Author of the paper: University College London and Shanghai Jiao Tong University

• Background: Existing MARL methods becomes intractable due to the curse of dimensionality and the exponential growth of agent interactions.
• Thoughts: approximate interactions within the population of agents with those between a single agent and the average effect from the overall population or neighboring agents.
• Propose mean field Q-Learning and mean field Actor-critic algorithms which can be apply to many agent environments.
• paper

# Introduction

## Background

Multi-agent reinforcement learning(MARL) is concerned with a set of autonomous agents that share a common environment. Independant Q-Learning that considering other agents as part of environments often fails as the changes of one agent will affect that of the others which make learning unstable.

## Related works

For MARL part:

• Studies show that an agent who learns the effect of joint actions has better performance than those who do not in many scenarios.
• Solutions to address the nonstationary issue in MARL: opponent modeling, policy parameter sharing, centralized training with decentralized execution(MADDPG).

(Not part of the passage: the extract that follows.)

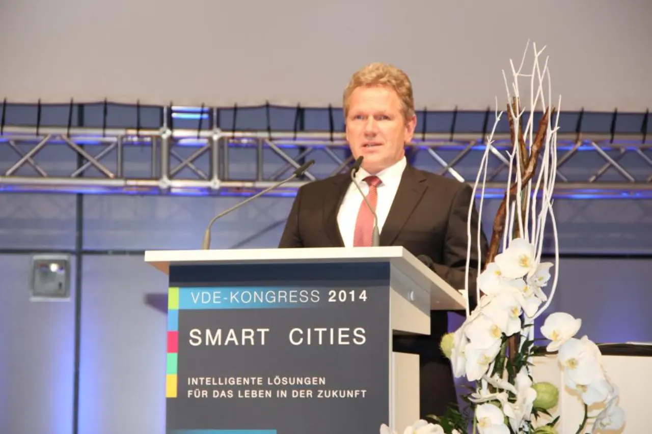 Auch wenn das Thema der VDE-Konferenz in diesem Jahr »Smart Cities« lautete, so wäre es doch eine glatte Themaverfehlung gewesen, ausschließlich über Smart Cities zu sprechen. Das Drumherum, die Umgebung der Städte, die Regionen sind genau so wichtig – worauf alle Keynote-Speaker in Frankfurt hingewiesen haben. »Der Blick auf die Umgebung lohnt sich«, erklärte Dr. Peter Terwiesch, Vorstandsvorsitzender der ABB AG und Leiter der Region Zentraleuropa in seiner Keynote-Rede. »Im Zusammenspiel von Stadt und Land müssen wir unsere Zukunftsfähigkeit sicherstellen.« Ganz Deutschland sei ja im Zeichen der Energiewende zu einem Labor geworden. Einen großen Teil dieses Labors nehmen die Verteilnetze ein und hier wiederum sind die Städte wichtige Elemente für das Lastmanagement. Das E-Energy-Projekt MeRegio habe hier einige Erfahrungen gebracht, etwa mit regelbaren Ortsnetztrafos.

The above approaches limit their studies mostly to tens of agents, due to :

• the input space of Q grows exponentially with the number of agents grows.
• the accumulated noises by the exploratory actions of other agents make the Q learning not feasible.

Also related to Mean Field Game(MFG):

• studies population behaviors resulting from the aggregations of decisions taken from individuals.
• Yang combines MFG with RL to learn reward fuction and forward mean dynamics in Inverse RL.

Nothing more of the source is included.